Looking ahead, the BRICS private banking market is one of incremental scale with structural maturation. From approximately USD 114.7 billion in 2025 to an estimated USD 157.7 billion in 2033, the implied 4.1% CAGR reflects both opportunity and the structural complexity of operating across emerging-market wealth ecosystems. Growth is not solely about size-but also about depth: private banks in BRICS markets must elevate their advisory models, upgrade digital wealth platforms, integrate multi-jurisdictional treasury/credit capability, and service families whose wealth transcends national borders.
Note:* The market size refers to the total revenue generated by banks through various services.
The expansion of the market is underpinned by several macro-tailwinds: increasing intra-BRICS trade and capital flows, growing entrepreneurship and SME exit activity, rising family-office penetration, and evolving client expectations for digital access and global investment reach.
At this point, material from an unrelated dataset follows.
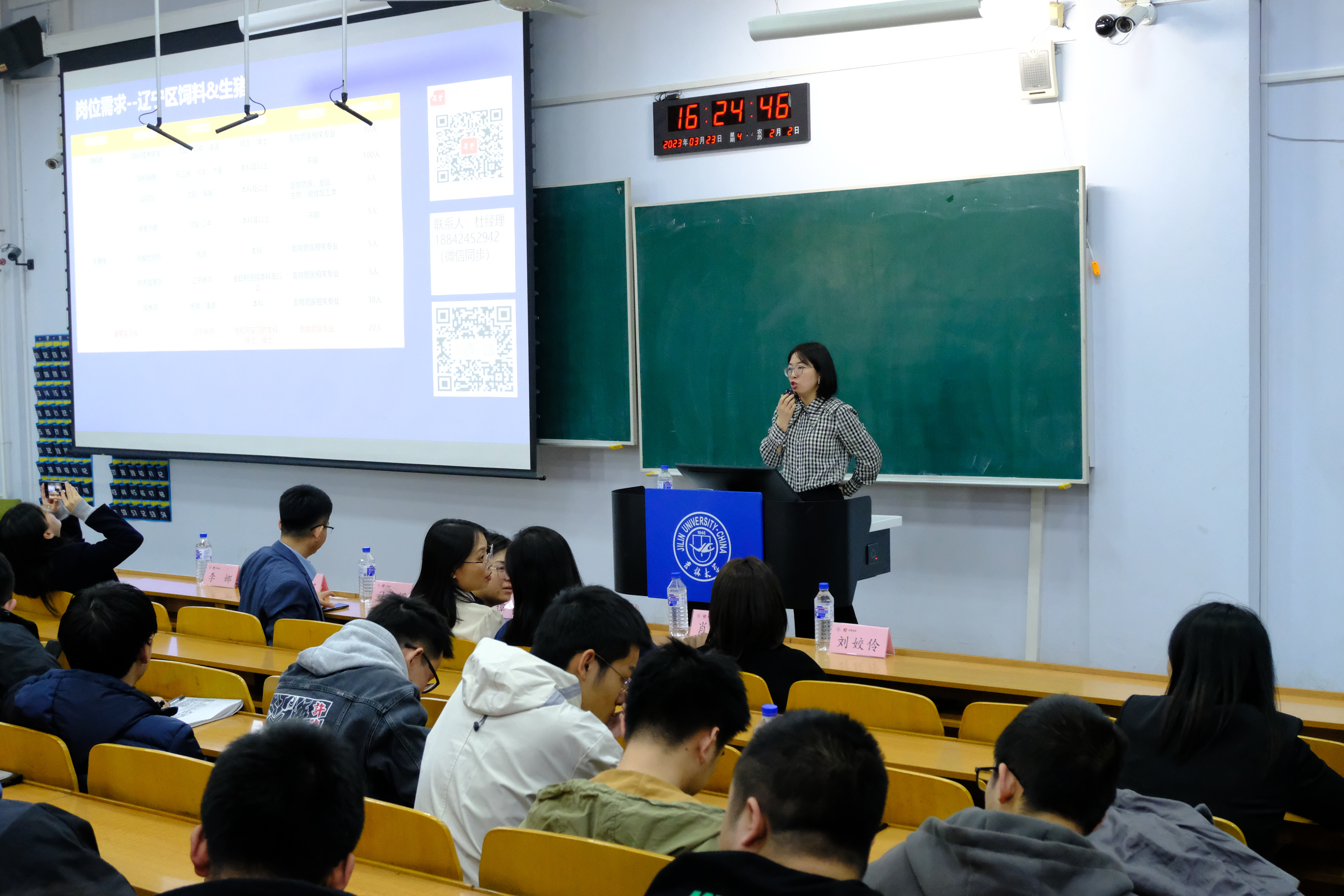 为教育引导员工提早做好职业生涯规划,明确就业方向,提升求职技能,增强面试能力,永利集团304官网于3月23日下午在科学讲堂400教室举办年度首场就业指导专题讲座。活动邀请禾丰股份辽宁区区域招聘培训杜娟老师作为主讲嘉宾,公司党委副书记肖建荣,毕业年级辅导员刘姣伶以及2020级全体本科生、部分毕业年级员工到场参加。

At the same time, the broader political and regulatory environment presents headwinds-ranging from currency exposure in Russia and South Africa, to regulatory opacity in India and Brazil, and heightened geopolitical risk in China-Russia and global trade dynamics. Capturing the projected growth therefore demands private banking firms that are both agile and resilient-capable of scaling digital platforms while navigating complex wealth, tax and mobility issues across the BRICS universe.
The BRICS private banking market is supported by several strong catalysts. First, wealth generation is accelerating across these economies-China and India have witnessed dramatic increases in HNWI counts and investable wealth. For instance, the BRICS Wealth Report shows that private-wealth growth in China soared by 92% over the past decade. Second, financial liberalisation, particularly in India and Brazil, is enabling private banks to introduce more sophisticated wealth-structuring services and credit/treasury solutions, enabling clients to diversify globally. Third, regional economic cooperation among BRICS countries is deepening, offering wealth-managers the chance to service cross-border capital flows, intra-BRICS investment corridors and global mobility solutions.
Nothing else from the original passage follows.